### WHAT TO WORK ON:
Copy word for word the line containing "微生物や湿度、時間の流れによ" together with all lines following it to the end of the listing below, without the pictures.

### MATERIAL PROVIDED:
=== Section Start ===
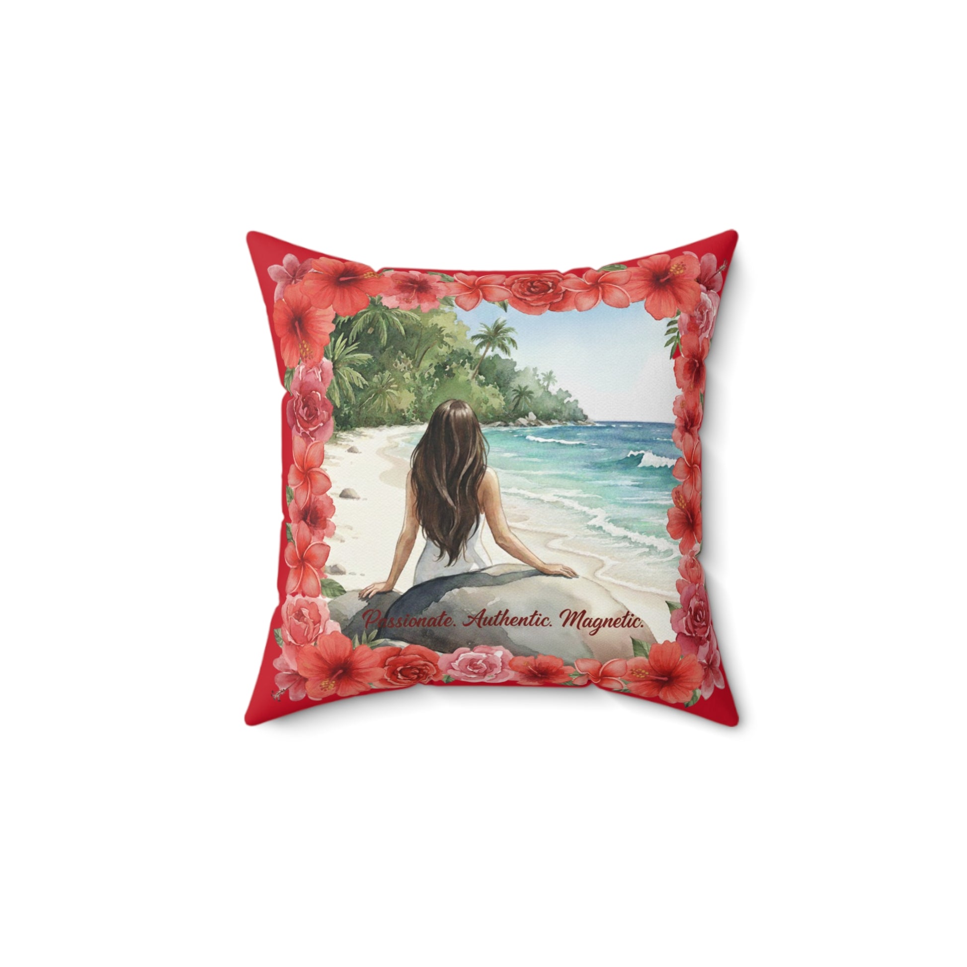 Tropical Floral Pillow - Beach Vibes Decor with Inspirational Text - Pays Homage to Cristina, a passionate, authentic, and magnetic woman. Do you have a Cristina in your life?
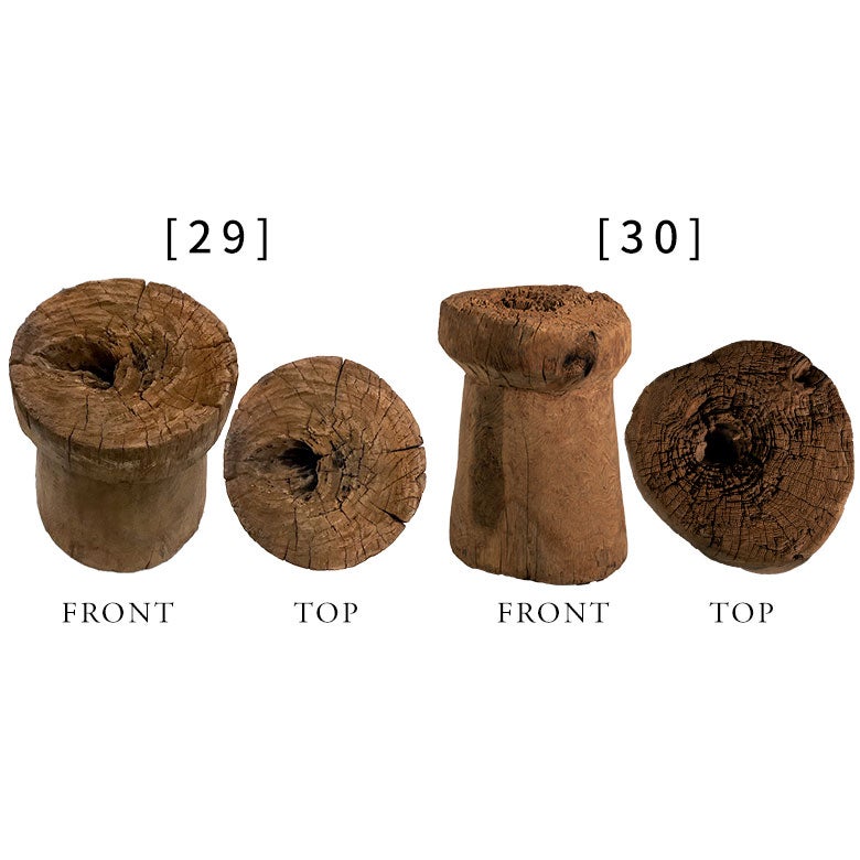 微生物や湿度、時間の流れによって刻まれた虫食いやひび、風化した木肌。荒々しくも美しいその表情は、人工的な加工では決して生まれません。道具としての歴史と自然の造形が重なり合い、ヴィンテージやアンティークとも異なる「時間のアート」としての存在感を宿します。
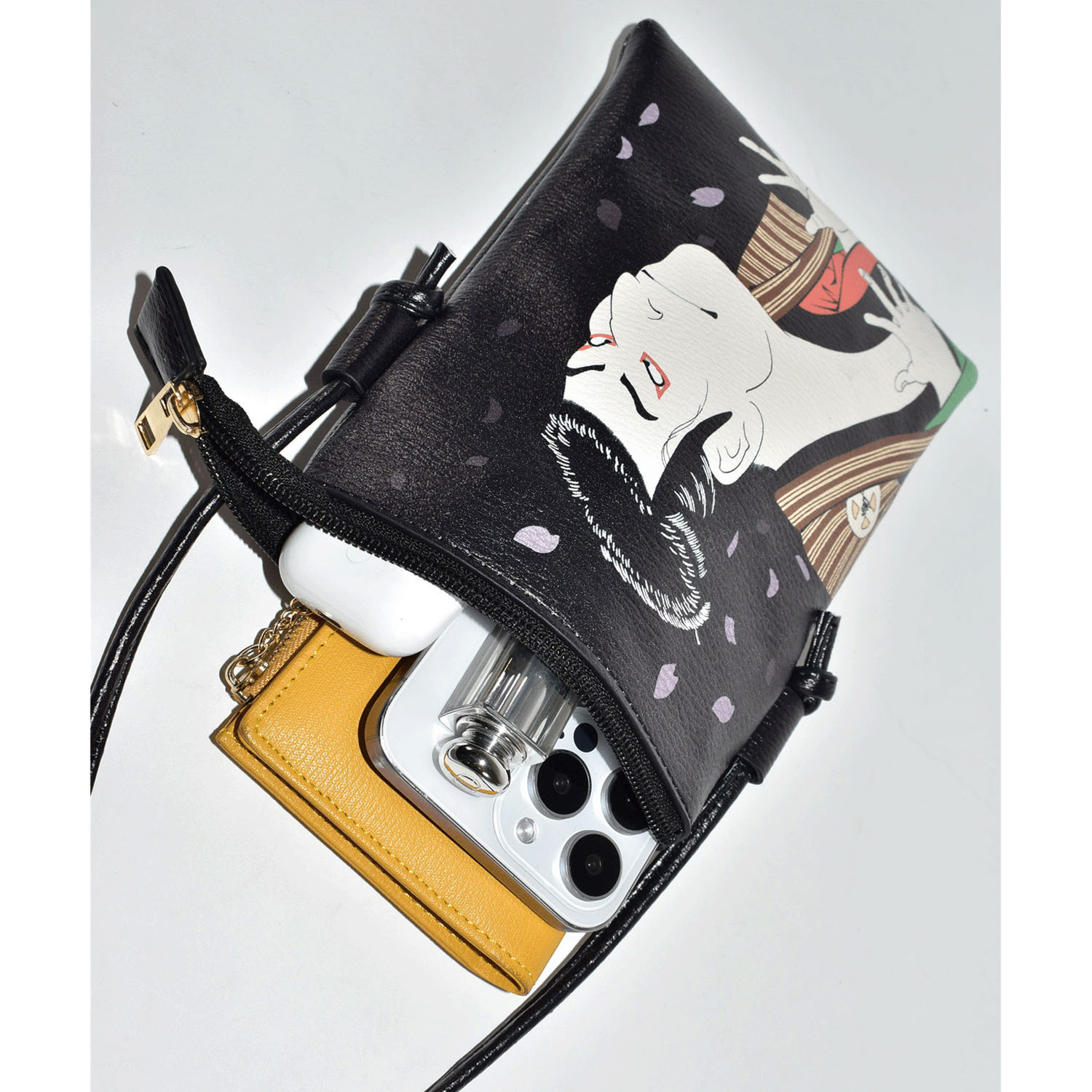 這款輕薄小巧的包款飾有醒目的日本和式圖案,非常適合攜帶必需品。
=== Section End ===
### ANSWER TO THE PROBLEM:
 微生物や湿度、時間の流れによって刻まれた虫食いやひび、風化した木肌。荒々しくも美しいその表情は、人工的な加工では決して生まれません。道具としての歴史と自然の造形が重なり合い、ヴィンテージやアンティークとも異なる「時間のアート」としての存在感を宿します。
 這款輕薄小巧的包款飾有醒目的日本和式圖案,非常適合攜帶必需品。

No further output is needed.